The challenge this week is to bring together all of the Administration's sophisticated strategic planning, disciplined focus and 'get it done' fervor finally to straighten out this out of control economic mess.
There are jobs to produce and one big job to save.
One hardly expects any sort of mea culpa or acknowledgment that the masters of the economic universe Obama appointed, like Geithner, Summers, Rohmer and Golsbee may not have served us well, i.e., may have blown it big time.
That's history; Obama now has as a new Ivy League advisor, Alan Kreueger, who was, in fact, an old advisor and Geithner crony.
But, lets not be negative. Forget the past and banish any suggestion of a blame game.
Except, of course, for a clear but unspoken missive for the likes of policy critics Robert Reich and Paul Krugman. To them, the White House says, "Drop Dead!"
What do you they know?
Instead, let's look ahead at the next media event, a now 7PM barely "prime time" (Prime Time always starts at 8) speech to Congress in which, at last, 'do something big economic recovery secrets' that have so far eluded us, will be revealed.
The timing couldn't be worse. Economist Max Wolff tells us, "For the second time in monthly jobs report history we have created no new jobs. ...We continue to see consistent and large job losses at the local government level... It is particularly alarming to see cuts remain concentrated among those who work in public schools."
The brilliant Eric Jantzen of iTulip.com says, time's up: "attempts to restart the FIRE Economy - the economy oriented around the finance, insurance, and real estate industries - will fail at the expense of the Productive Economy - the economy of goods and services produces that employs over 90% of consumers.
"If policy makers persist with this wrong-headed approach... the result will be persistent high unemployment, a depreciating dollar, rising consumer price inflation, falling home prices, and rising budget deficits."
And let's not talk about our divided Federal Reserve and squeamish Justice Department which has never seen a big bank it is willing to prosecute, not to mention, the deficit buster gang in Congress who won't provide a single centavo to do what needs doing and should have been done in the first place: a sizable investment plan to stimulate job creation.
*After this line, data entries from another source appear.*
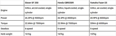 Suzuki is all set to launch the Gixxer SF 250 on 20 May 2019. While the company hasn’t officially revealed any details about the bike, it’s leaked brochure gives us a better picture of where it stands. The fully faired bike will compete against other 250cc bikes like the Honda CBR250R and the Yamaha Fazer 25. But, does it have what it takes to take on its Japanese rivals on paper? We take a look.
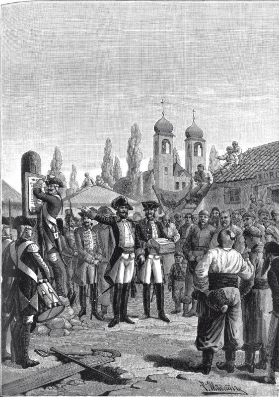 Столетие присоединения Волыни и подолии к России. Объявление генералом Кречетниковым манифеста императрицы Екатерины II.
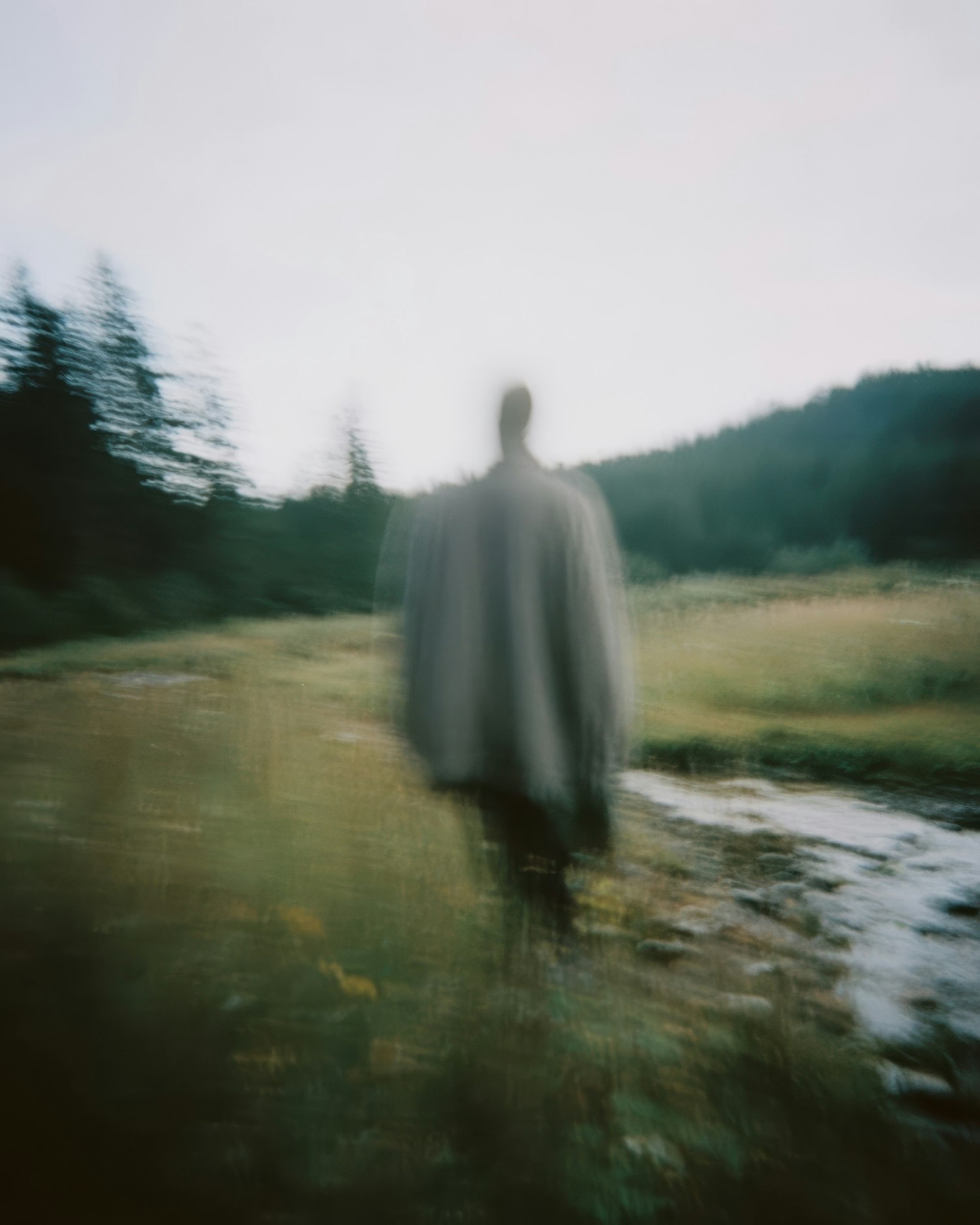 Blurred figure walking through a grassy field with a forested hill in the background, evoking a dreamlike and mysterious atmosphere.

That, alas, is a non-starter, but we need to go through the motions anyway; the "experts" on the right gloat that the stimulus failed while the experts on the left counter that it was never really tried. Both are right, but does it matter?
Each day brings new reports of more jobs lost, not found---at banks, in local, state and federal government agencies and manufacturing. When you hear the term job creation, think job destruction.
Why is this happening? The smart folks at the Economic Cycle Research Institute point to structural problems beyond the reach of any President.
Ed Harrison reports on Credit Write Downs: "We are in a decade-long post-credit crisis struggle which will mean high unemployment even if policy makers focused on jobs (which they have not, I would add)...The likely outcome for the next decade is one of sub-par global growth with short business cycles punctuated by fits of recession."
So, yes, while it may be wrong to blame Obama for forces beyond his control, beyond any President's control, it isn't wrong to ask what has taken him so long to make jobs a priority?
Just as justice delayed is justice denied, waiting too long to do what has to be done insures that that we may be beyond the tipping point, too late to get much accomplished, given the political realities and uncertainties in this government killing environment.
Economist Dean Baker thinks this delay may prove fatal. "President Obama's weak response to the recession over the first two and a half years of his presidency, explains the tidal wave of skepticism facing his widely hyped upcoming speech on jobs after the Labor Day weekend. The list of remedies leaked ahead of time does little to inspire hope.
"At the top of the list of job-creating measures is extending the 2 percentage-point reduction in the social security payroll tax. This provides no boost to the economy, since it just keeps in place a tax cut that was already there, but if the cut is allowed to end at the start of 2012, it will be a drag on growth."
And at a time of a crisis brought about in part by banks, the golden bullet now being touted is a National Infrastructure Bank. The idea: give investors who already have too much a chance to make even more by bailing out an economy they helped wreck.
Concludes Harrison, "Ocala's failure to understand where we are in the economic cycle and the relationship to historical precedent has been catastrophic to the conduct of economic policy and critical in his missteps. There is more to Ocala's misfortune than a bad economy."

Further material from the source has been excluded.